• EXERCISE INSTRUCTIONS:
Copy, pictures aside: the lines below from the one that holds "자리 : 약 20여개, 티높이가" through the final line of the listing, both ends included, exactly as they are and nothing else.

• SUPPLIED INFORMATION:
+--

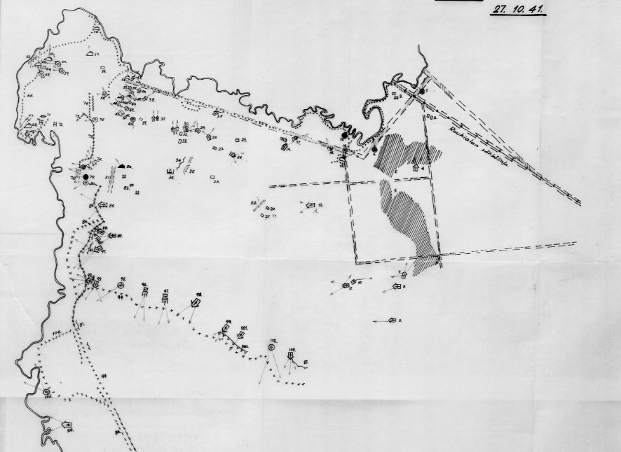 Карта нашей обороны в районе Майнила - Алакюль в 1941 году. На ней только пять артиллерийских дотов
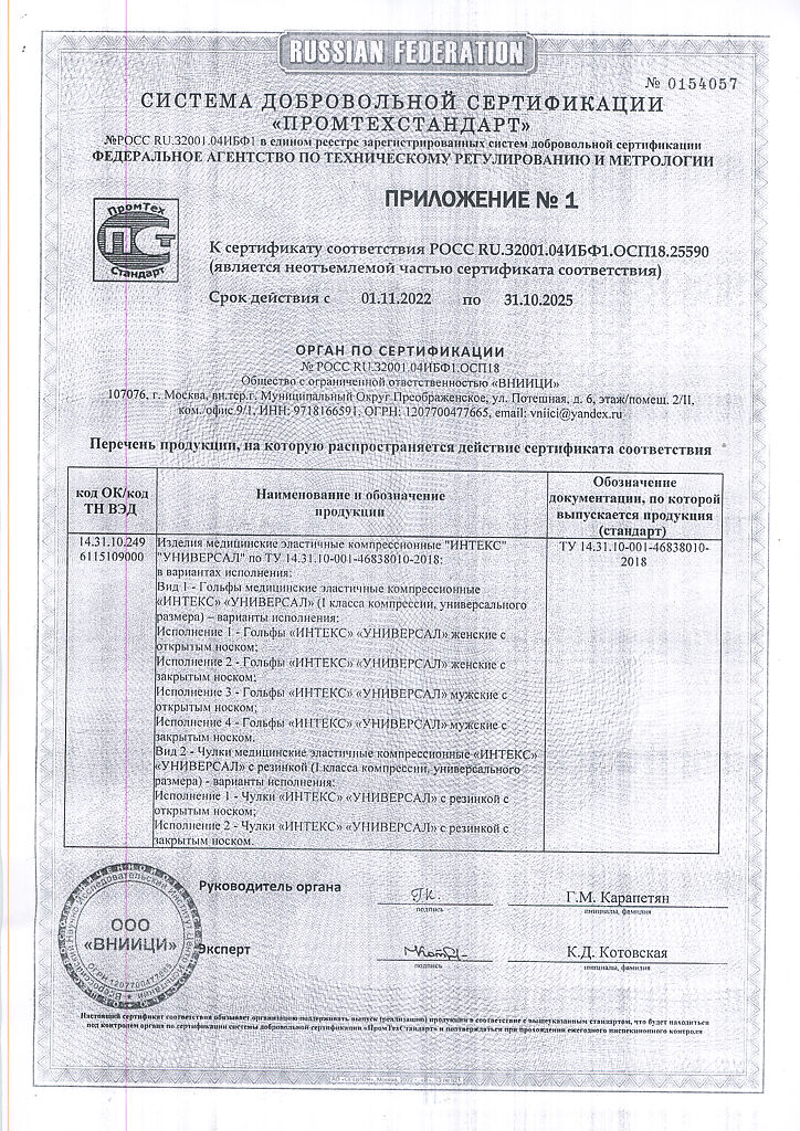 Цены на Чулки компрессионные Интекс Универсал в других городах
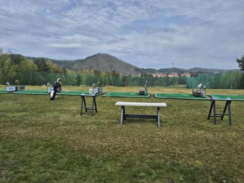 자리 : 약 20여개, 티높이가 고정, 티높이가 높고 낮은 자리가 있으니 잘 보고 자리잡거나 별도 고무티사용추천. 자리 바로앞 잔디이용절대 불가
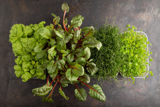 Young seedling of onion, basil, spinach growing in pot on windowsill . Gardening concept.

+--

• YOUR RESPONSE:
 자리 : 약 20여개, 티높이가 고정, 티높이가 높고 낮은 자리가 있으니 잘 보고 자리잡거나 별도 고무티사용추천. 자리 바로앞 잔디이용절대 불가
 Young seedling of onion, basil, spinach growing in pot on windowsill . Gardening concept.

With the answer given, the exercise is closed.